WHAT YOU SHOULD DO => Would you please repeat all of the data exactly, omitting the pictures?

PROVIDED DATA =>
********
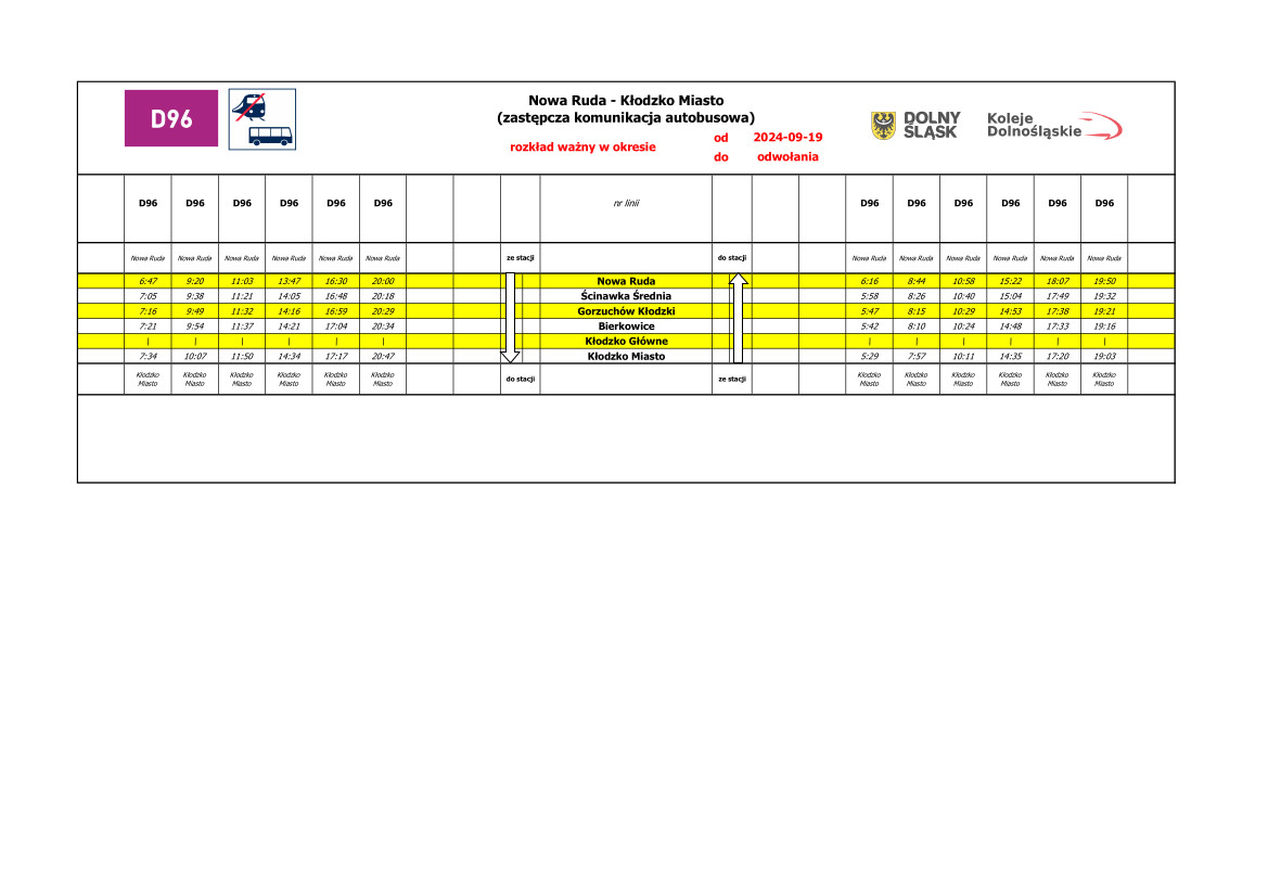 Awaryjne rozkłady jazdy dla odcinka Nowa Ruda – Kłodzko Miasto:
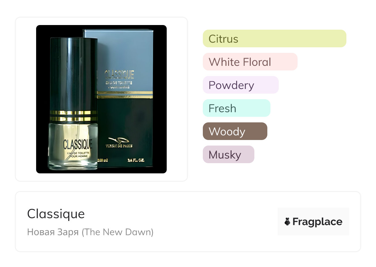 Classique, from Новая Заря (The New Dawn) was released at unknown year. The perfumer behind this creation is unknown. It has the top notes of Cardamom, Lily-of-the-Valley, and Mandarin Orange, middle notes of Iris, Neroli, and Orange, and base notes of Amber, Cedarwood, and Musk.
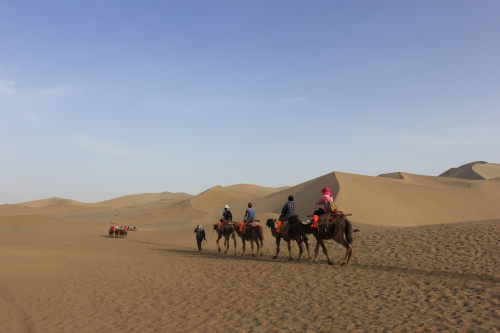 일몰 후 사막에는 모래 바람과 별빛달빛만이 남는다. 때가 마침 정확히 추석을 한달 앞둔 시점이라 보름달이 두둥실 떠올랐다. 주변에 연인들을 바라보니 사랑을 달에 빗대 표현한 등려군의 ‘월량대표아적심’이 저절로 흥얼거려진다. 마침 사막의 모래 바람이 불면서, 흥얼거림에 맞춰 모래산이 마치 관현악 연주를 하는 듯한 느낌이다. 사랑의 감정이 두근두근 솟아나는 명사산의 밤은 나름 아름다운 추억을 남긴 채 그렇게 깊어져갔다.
********
REPLY =>
 Awaryjne rozkłady jazdy dla odcinka Nowa Ruda – Kłodzko Miasto:
 Classique, from Новая Заря (The New Dawn) was released at unknown year. The perfumer behind this creation is unknown. It has the top notes of Cardamom, Lily-of-the-Valley, and Mandarin Orange, middle notes of Iris, Neroli, and Orange, and base notes of Amber, Cedarwood, and Musk.
 일몰 후 사막에는 모래 바람과 별빛달빛만이 남는다. 때가 마침 정확히 추석을 한달 앞둔 시점이라 보름달이 두둥실 떠올랐다. 주변에 연인들을 바라보니 사랑을 달에 빗대 표현한 등려군의 ‘월량대표아적심’이 저절로 흥얼거려진다. 마침 사막의 모래 바람이 불면서, 흥얼거림에 맞춰 모래산이 마치 관현악 연주를 하는 듯한 느낌이다. 사랑의 감정이 두근두근 솟아나는 명사산의 밤은 나름 아름다운 추억을 남긴 채 그렇게 깊어져갔다.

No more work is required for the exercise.